After the gig we slept on the floor of the staff changing rooms and I woke up in the middle of the night dripping with sweat because the underfloor heating had come on. It was uncomfortable, but not as uncomfortable as the next evening when we played at a youth club in Bramhall and spent the night in a squat in Buxton. It was January and half the windows in the place were gone: guys were chopping up furniture to keep the fire going.
Our transportation at this point consisted of a blue-and-white Rank Hovis McDouggal bread van, which was a gift from Rich’s father. He had worked for Hovis until he retired and, given Rich’s parents’ hostility towards the music scene, it was somewhat ironic how in debt to the Macphails Genesis now were. The only problem was that Rich himself couldn’t drive and so I ended up having to teach him. To give him his credit he was a quick learner: he only hit a car once. Fortunately it happened the day after one of our better-paying gigs. We were paid £50 and Rich did exactly £50 of damage.
The bread van wasn’t comfortable. Until John Mayhew put his carpentry skills to use and made some back seats, someone would always have to sit on the battery, and, by the time we’d packed the gear in, it was incredibly cramped. Then, perhaps as a result of the Wolverhampton and Buxton misery, Pete decided he wanted to take his mattress with him to our next gig. We sat and watched him drag it down the steep hill from the cottage and
wondered how on earth he thought it was going to fit in the back with the gear. Looking back, maybe we were a bit jealous too. I mean, whoever said that you couldn’t bring your bed on the road?
Pete always did think outside the box. Unlike the rest of us, he also thought about the business side of things. At the cottage he’d sit by the phone for hours with a lists of agents to ring up and then cross them off one by one. He also had perseverance, which was good, because the number of agents who promised to come down and see us but then developed a puncture en route to Dorking was unbelievable.
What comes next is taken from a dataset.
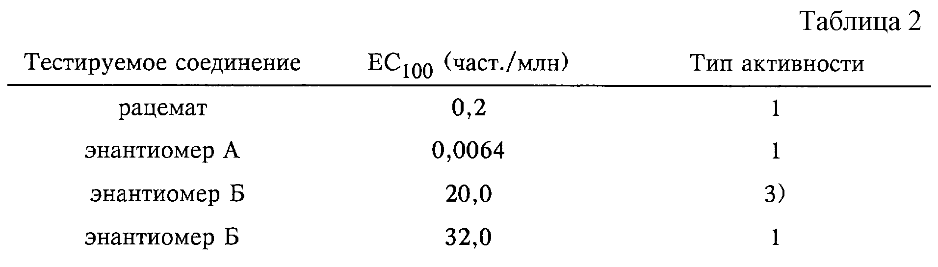 При оценке в этом опыте рацемическая смесь проявила активность, соответствующую пункту 1. Она полностью ингибировала развитие протонимф в концентрациях от 0,02 част./млн и выше. Аналогичное действие обнаружено при использовании очень низкой концентрации 0,0064 част./млн и даже при более низких концентрациях. Энантиомер Б не проявил абсолютно никакого действия при концентрациях до 10 част./млн (активность соответствует пункту 4) и по активности не отличался от необработанного контроля. Для достижения заметного действия концентрация энантиомера Б должна быть повышена по меньшей мере до 20 част./млн, и даже в этой концентрации может быть достигнута только активность, соответствующая пункту 3. Для достижения активности, соответствующей пункту 1, концентрация энантиомера Б должна быть повышена по меньшей мере до 32 част./млн. Эти результаты обобщены в таблице 2 (ЕС100 обозначает минимальную дозу, при которой достигается 100%-ная смертность):

Finally, at about the time we were thinking of leaving the cottage, Pete got us an agent called Terry King who booked us for some London shows. (He had found Terry by looking through the back pages of Melody Maker; we’d look at the listings and find out which enviable bands had five shows in a row, and then try to find out who their agent was.) Although Terry was good at getting us gigs, some would be at nightclubs and Genesis were not a nightclub band.
At the Revolution Club off Berkeley Square we’d have to play three sets an evening. The first set would generally go okay and we’d go out to the pub afterwards. The second set would usually go okay again and we’d return to the pub, by now feeling that life was pretty good. The third set would be at one in the morning and all the pubs would be shut. Because we couldn’t afford drinks in the nightclub – they cost more than we were getting paid – we’d bring in our own cider and beer and have that it in the dressing room. This meant that by the time we left the stage at 2.30 a.m. we’d be rather tired, very depressed and extremely drunk.
It was worse at the Blazes, a smartish nightclub on the Cromwell Road where we’d have to play to a crowd of guys looking for girls and a couple of dancers on stands, gyrating.